_RAW DATA_
+++
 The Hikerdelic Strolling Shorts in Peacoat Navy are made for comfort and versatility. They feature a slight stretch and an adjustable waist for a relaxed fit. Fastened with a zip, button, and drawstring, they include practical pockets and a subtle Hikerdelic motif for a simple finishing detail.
+++
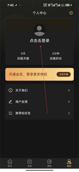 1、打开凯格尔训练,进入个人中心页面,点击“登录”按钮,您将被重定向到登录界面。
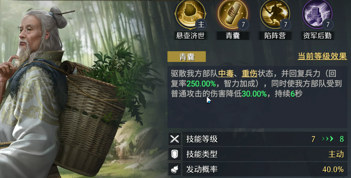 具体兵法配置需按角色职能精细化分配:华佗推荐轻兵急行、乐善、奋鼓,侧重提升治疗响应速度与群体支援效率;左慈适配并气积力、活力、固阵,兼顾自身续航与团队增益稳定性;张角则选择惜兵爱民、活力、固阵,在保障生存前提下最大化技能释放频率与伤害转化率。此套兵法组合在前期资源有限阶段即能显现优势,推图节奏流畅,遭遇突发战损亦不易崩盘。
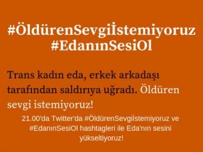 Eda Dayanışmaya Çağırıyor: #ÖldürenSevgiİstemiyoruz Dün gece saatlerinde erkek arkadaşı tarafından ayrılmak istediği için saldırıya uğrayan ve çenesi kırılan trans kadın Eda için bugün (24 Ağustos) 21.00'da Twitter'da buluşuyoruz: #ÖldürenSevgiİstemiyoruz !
+++
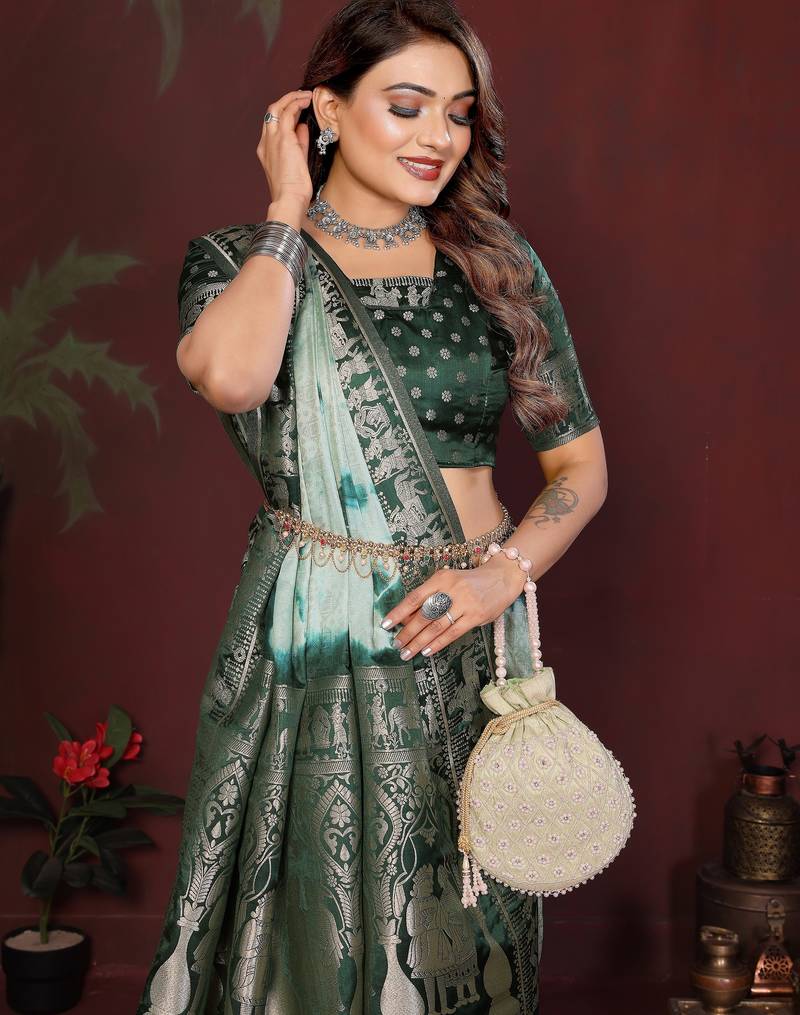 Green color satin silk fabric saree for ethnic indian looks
+++
_EXERCISE INSTRUCTIONS_
Leaving out all pictures, set down exactly the lines of the material above, from the line with "具体兵法配置需按角色职能精细" to the line with "Eda Dayanışmaya Çağırıyor: #ÖldürenSevgiİstemiyoruz" inclusive, and no others.

_WRITTEN SOLUTION_
 具体兵法配置需按角色职能精细化分配:华佗推荐轻兵急行、乐善、奋鼓,侧重提升治疗响应速度与群体支援效率;左慈适配并气积力、活力、固阵,兼顾自身续航与团队增益稳定性;张角则选择惜兵爱民、活力、固阵,在保障生存前提下最大化技能释放频率与伤害转化率。此套兵法组合在前期资源有限阶段即能显现优势,推图节奏流畅,遭遇突发战损亦不易崩盘。
 Eda Dayanışmaya Çağırıyor: #ÖldürenSevgiİstemiyoruz Dün gece saatlerinde erkek arkadaşı tarafından ayrılmak istediği için saldırıya uğrayan ve çenesi kırılan trans kadın Eda için bugün (24 Ağustos) 21.00'da Twitter'da buluşuyoruz: #ÖldürenSevgiİstemiyoruz !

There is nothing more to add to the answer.